[[ Dataset open ]]
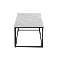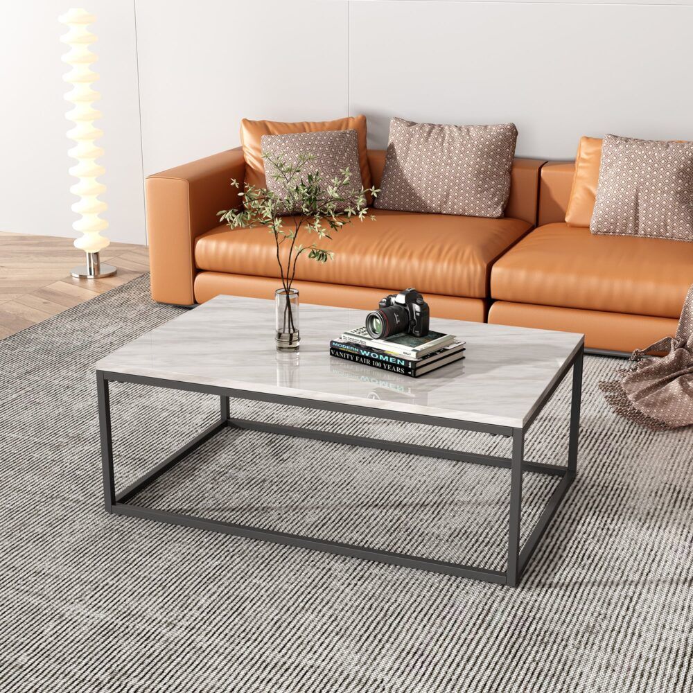 This coffee table is composed of a smooth marble table top and a solid steel base. The combination of the minimalist black and the pattern of the table top will show a distinctive personality in the environment. In addition, melamine laminated chipboard is used on the table top to ensure easy cleaning, while the steel frame of the base increases its robustness and stability. More ingeniously, the whole structure is a rectangular structure, and there is an anti-skid device beside each leg, which can not only ensure that it will not shake, but also protect the floor from scratches.It's really a good choice.
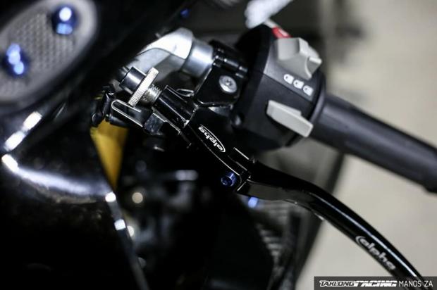 Tương tự với vị trí ngắt côn tay trái là cùm côn alpha Racing chống gãy.
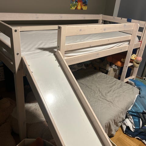 JLY Højseng til børn med integreret stige og rutsjebane. Fremstillet i træmateriale med hvid finish. Passer til børneværelser og giver mulighed for både soveplads og leg, da der er mulighed for at lave en hule under sengen. “Teltet”, der ses på billedet fra forhandleren, har et knækket plastikrør, men vi har brugt det alligevel og uden problemer. Der medfølger en madras, som der aldrig er sovet en fuld nat på.
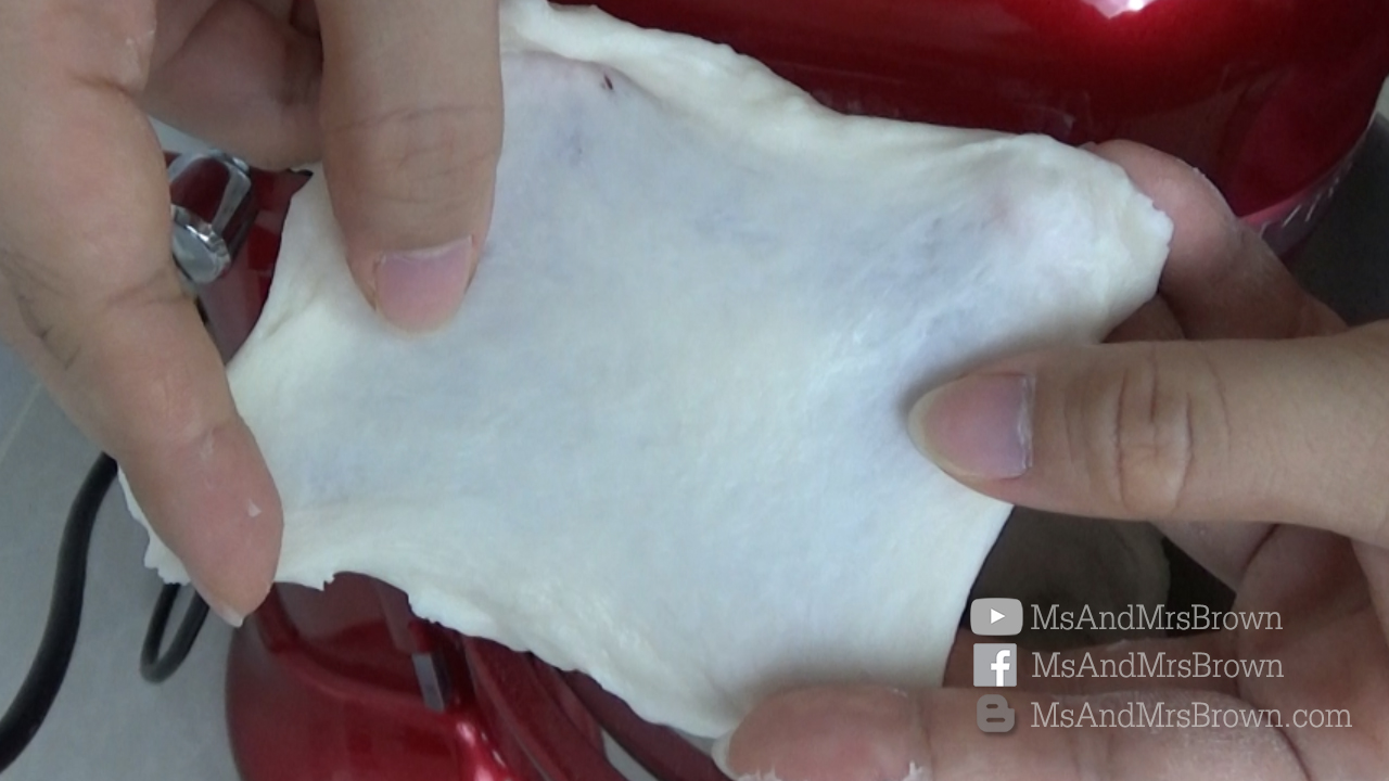 5. เช็คแป้งโดว์ว่านวดได้ที่หรือยัง โดยทำการดึงแป้งออกมาส่วนนึง มาลองขึงเป็นฟิล์ม ถ้าขึงได้ถือว่าใช้ได้
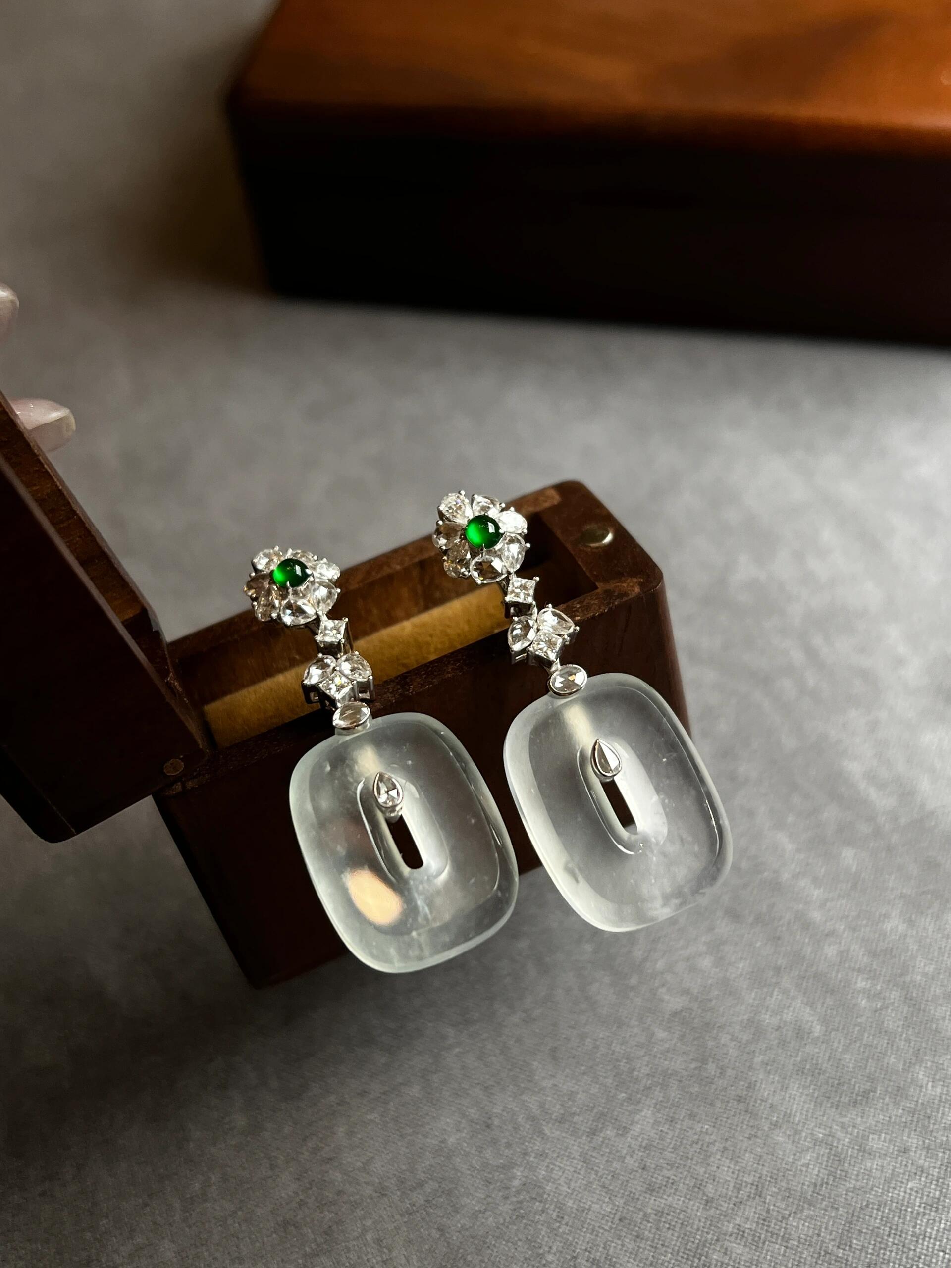 Geometric line aesthetics: Clean rectangular cut, a perfect blend of modernity and classical jade culture. Ice-quality jadeite main stone: Transparent like ice, emitting a faint glow under the light.
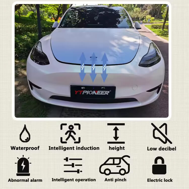 Durable motor + control box: Electric front frunk adopts high-tech intelligent motor and control box, which is highly waterproof, long life, and no noise when working.
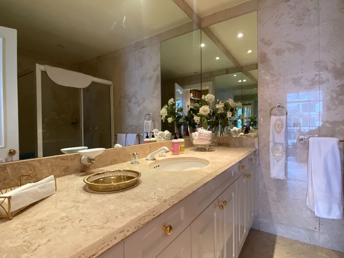 With elevator to the floor, lobby, very spacious living and dining room, guest bathroom, kitchen with breakfast area, laundry room, and complete service room with independent entrance. Family room and three bedrooms, all with walk-in closet and bathroom. 3 parking spaces and storage room. Excellent finishes, high ceilings, very bright, and all spaces are of very good size, in excellent condition. Common areas: pool, gym, pet area, and multipurpose room, visitor parking, and strict surveillance 24 hours.
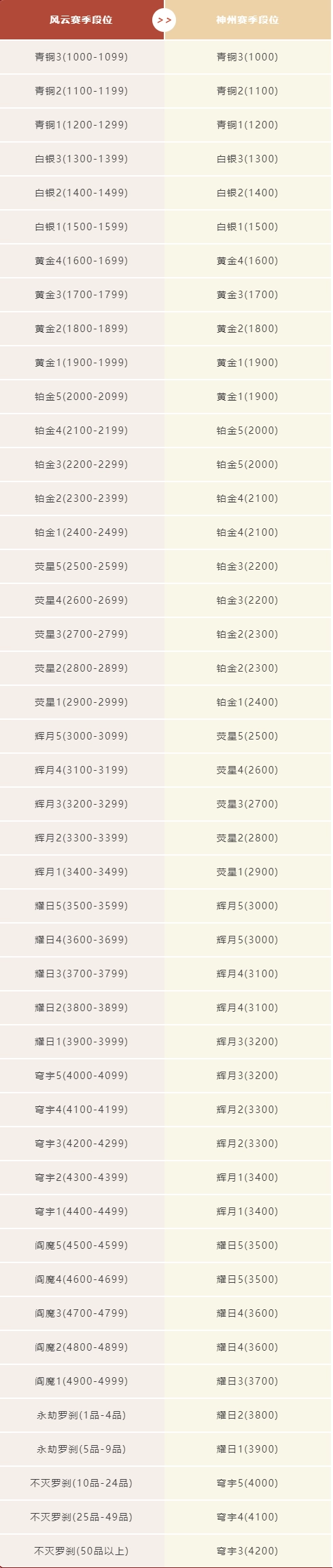 (二)关于论剑、地脉之战、人机讨伐这三种玩法的段位积分继承规则说明。
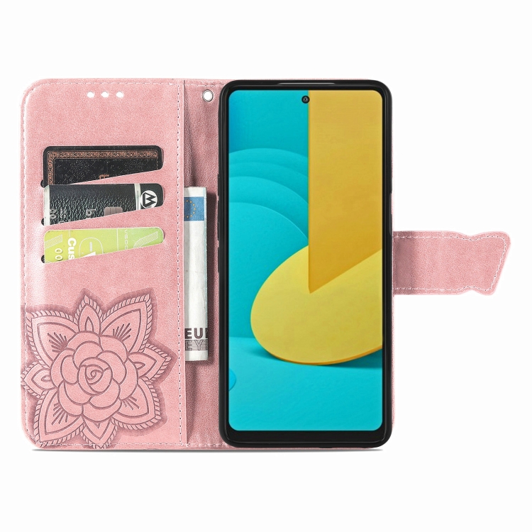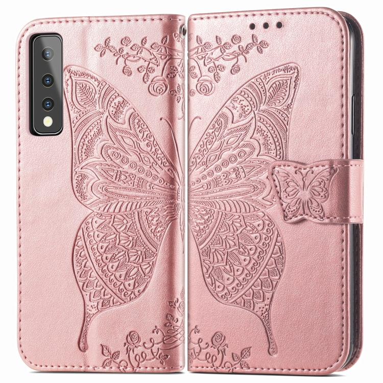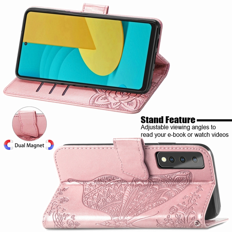 Funda de Cuero para LG Stylo 7 Butterfly Love Flowe con Soporte, Tarjeta Slot, Wallet y Lanyard (Oro Rosa)
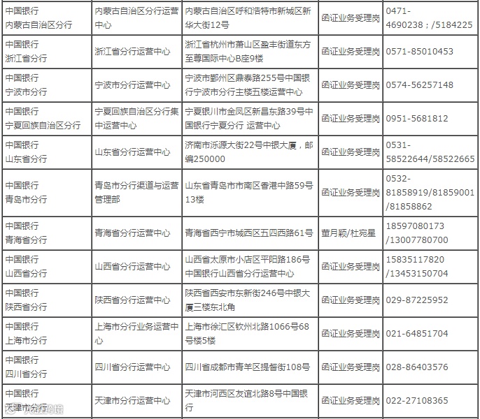 注:受疫情影响,北京、内蒙古、黑龙江、上海、湖南、广东、广西、四川、宁夏、西藏、大连、青岛、宁波、苏州分行可受理纸质函证集中处理服务,其他分行暂无法办理集中回函,营业时间将另行更新公告。发函前请电话咨询当地分行,具体业务办理标准、营业时间以分行规定为准。
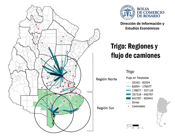 En un intento por identificar las diferentes regiones de comercialización del trigo en Argentina, podría asociarse cada territorio a un puerto de exportación, según su cercanía. La asociación se realiza trazando círculos con radios en los puertos de Rosario y del sur de Buenos Aires (Quequén y Bahía Blanca) y utilizando los flujos de las cartas de porte de camiones publicados por el Ministerio de Transporte de la Nación para el año 2016. Esta evaluación ayuda a visualizar hacia donde se dirige –teóricamente- la producción de trigo con destino de exportación, en primera instancia. Si suponemos que no existe una fuerte influencia de los molinos harineros en los extremos de los círculos trazados podemos concluir que las zonas resultantes ilustran correctamente las regiones de comercialización del trigo en el mercado local.
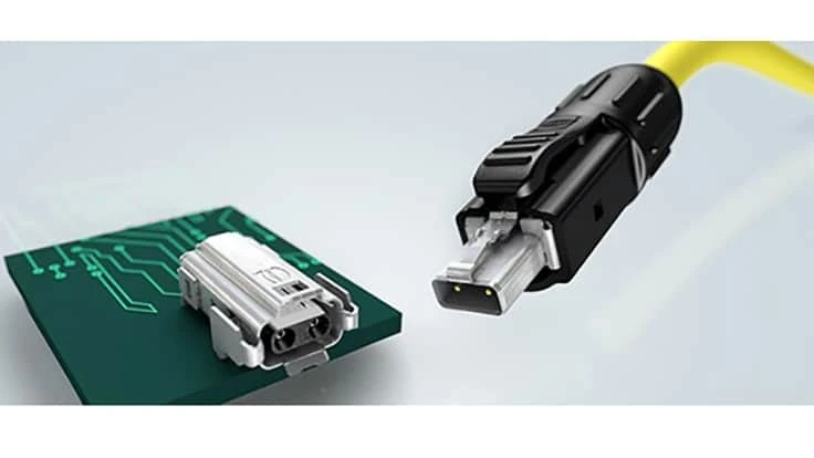 Harting’s T1 Industrial connector – the standard mating face for industrial Single Pair Ethernet – can accomplish communication across common industrial Ethernet protocols (Ethernet/IP, Profinet, EtherCAT) with a single twisted pair of wires instead of four or eight wires. This connector uses power-over-data-line (PoDL) technology to bring communication, voltage, and amperage needed to power the device.
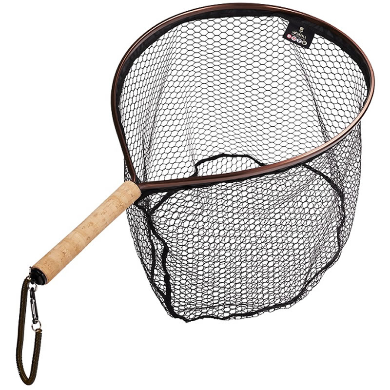 Podbierak w stylu rakiety przeznaczony dla wędkarzy łowiących pstrągi. Mocny magnetyczny klips na uchwycie, który można przymocować do kurtki lub kamizelki do brodzenia i można go wyciągnąć, gdy jest to potrzebne. Podbierak jest wyposażony w linkę zabezpieczającą, gdyby wypadł z rąk. Rama jest lekka, kompaktowa i łatwa w obsłudze. Siatka jest odpowiednia dla wędkarzy łowiących na przynęty i pokryta szybko schnącym PVC, aby chronić pstrągi. Idealna do łowienia zarośniętych odcinków na małych i średnich rzekach.
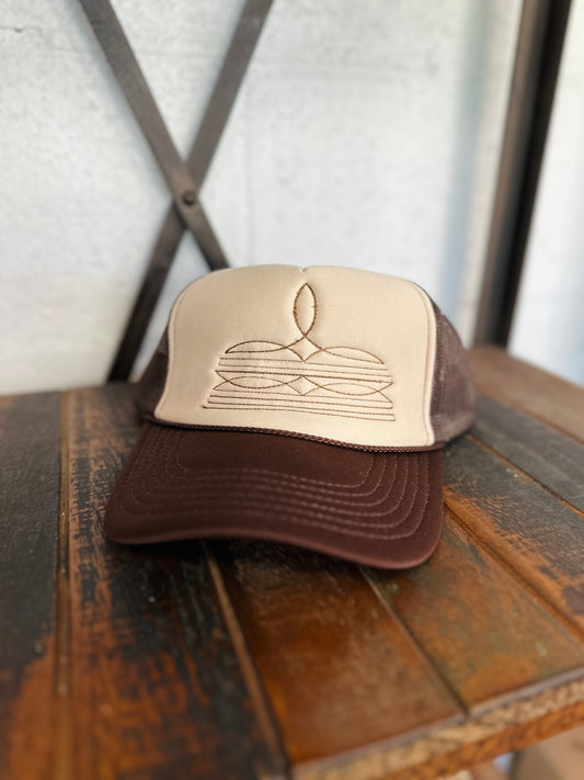 Sold outBowed Trucker Hat (Khaki/Brown)
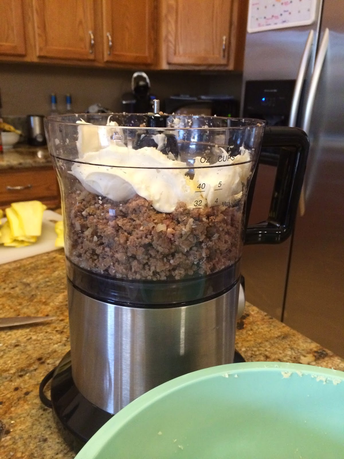 4. Squeeze all of the excess water out of the spinach. Then place chicken, spinach, salt, pepper, and mascarpone into a food processor or blender and puree until mixture reaches desired consistency. (We went with fairly smooth)
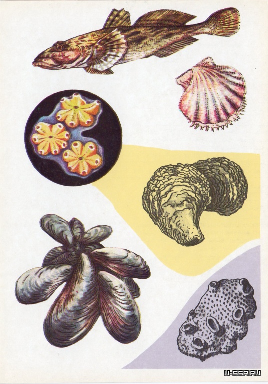 На открытке: бычок-кнут, гребешок, две устрицы, колония губок, группа мидий. В круге — колониальные асцидии ботриллус (размер особи 1,5—3 мм).
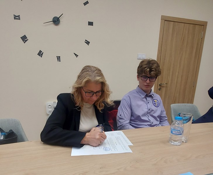 Дарението бе официално връчено от Максим Стойчев, ученик от 11б клас и заместник-председател на Ученическия парламент, заедно с г-жа Сълзица Нанова от Училищното настоятелство и г-жа Жулиета Иванова – педагогически съветник и председател на Ученическия парламент.
[[ Dataset closed ]]
**What needs to be done**
The expected output is the lines above from the one containing "5. เช็คแป้งโดว์ว่านวดได้ที่หรือยัง โดยทำการดึงแป้งออกมาส่วนนึง" to the one containing "(二)关于论剑、地脉之战、人机讨伐这三种玩法的段位积分继承规则说明。", both ends included, reproduced exactly with every picture left out.

**Written response**
 5. เช็คแป้งโดว์ว่านวดได้ที่หรือยัง โดยทำการดึงแป้งออกมาส่วนนึง มาลองขึงเป็นฟิล์ม ถ้าขึงได้ถือว่าใช้ได้
 Geometric line aesthetics: Clean rectangular cut, a perfect blend of modernity and classical jade culture. Ice-quality jadeite main stone: Transparent like ice, emitting a faint glow under the light.
 Durable motor + control box: Electric front frunk adopts high-tech intelligent motor and control box, which is highly waterproof, long life, and no noise when working.
 With elevator to the floor, lobby, very spacious living and dining room, guest bathroom, kitchen with breakfast area, laundry room, and complete service room with independent entrance. Family room and three bedrooms, all with walk-in closet and bathroom. 3 parking spaces and storage room. Excellent finishes, high ceilings, very bright, and all spaces are of very good size, in excellent condition. Common areas: pool, gym, pet area, and multipurpose room, visitor parking, and strict surveillance 24 hours.
 (二)关于论剑、地脉之战、人机讨伐这三种玩法的段位积分继承规则说明。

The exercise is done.